What is the call schedule like at CHKD? Sorry if this has been asked/discussed before but could you give pros and cons of the program. Thanks!
 
What is the call schedule like at CHKD? Sorry if this has been asked/discussed before but could you give pros and cons of the program. Thanks!

The call schedule is generally q4 with some q5s thrown in here and there. Nothing more frequent. Call is heaviest intern year, then slows down after that. Seniors are night float, and there's a lot of pressure from above to stay within work hour limits.

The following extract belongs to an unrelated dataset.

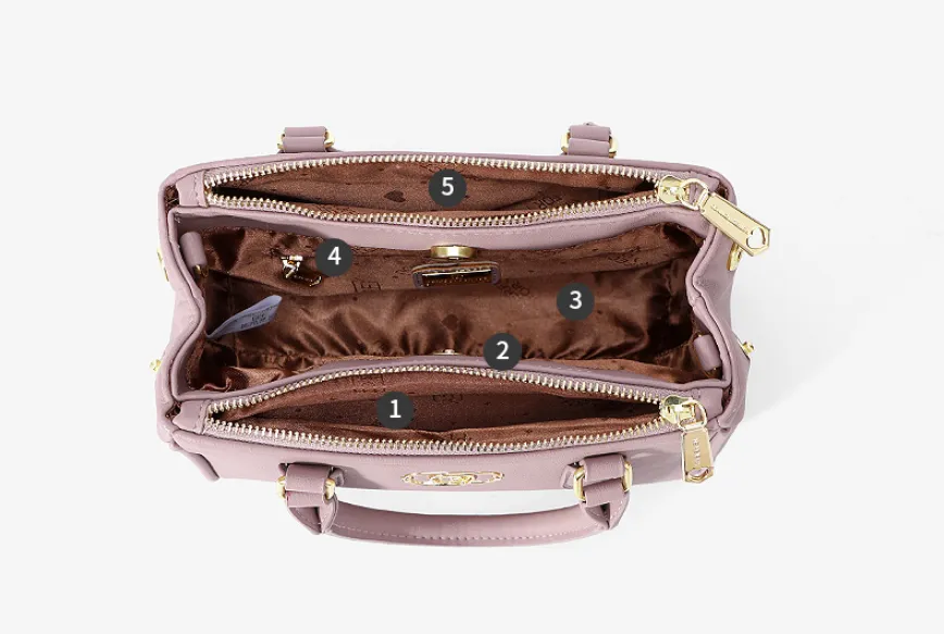 The internal structure of the bag; zipper pocket, mobile phone bag, ID bag, sandwich zipper bag

There's also a lot of effort to make sure interns on the wards get their work done and are out of the hospital by noon on their post-call days, and that's a good thing.

The pros of the program are the program director and chairman who are both seriously dedicated to resident learning. We were very well taken care of at KD, from meal cards to a very nice retreat at a golf resort in November to day to day support. I'd say the rest of the professional staff follows that example and focuses on teaching; the teaching really is phenomenal. They're very responsive to resident input. Board passing rate is 95% last time I checked, and I felt prepared when I took them (or at least as prepared as you can be).

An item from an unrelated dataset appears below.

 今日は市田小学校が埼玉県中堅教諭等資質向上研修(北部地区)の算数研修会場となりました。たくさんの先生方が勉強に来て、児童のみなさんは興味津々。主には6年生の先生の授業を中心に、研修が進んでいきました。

And dude, our lounge is amazing, with hardwood floors and a 40 inch LCD HDTV and Wii system plus multiple computers and work areas. My class was very close and the residents are very supportive of one another. We take 17 a year, so you don't feel lost in the numbers, but there's still plenty of backup if someone gets pregnant or sick. We're friends and hang out when we're not at the hospital, which always makes for a better work environment. When you graduate, the program continues to support you and it's not unusual to have recent grads in fellowship or general practice call CHKD to bounce ideas off an attending. You park (for free) either in a parking deck across the street from the hospital, or you live close by like I do and walk.

Cons: Our ER isn't a trauma center, so you don't see the peds traumas. You will take care of them in the PICU however, and there's still plenty of volume.

We're trying to become a cardiac surgery center, but that's in transition right now. We have 2 part-time CT surgeons who are working to come to CHKD full-time, but at the moment we have 9-12 CT surgeries a month and are working to increase it to 20-30 cases a month. We have dedicated peds anesthesiologists and an experienced PICU staff, it's just a matter of getting the surgeons here full-time.

The cafeteria isn't that good, but the program supplies lunches (often catered).

Hope that helps!
 
Thanks so much. That is really helpful!
 
I have an interview coming up at MUSC. Quick question for anyone that interviewed there: do you know the type of interviews that they give? I've had both the more traditional ("tell me about your biggest weakness") and the more conversational.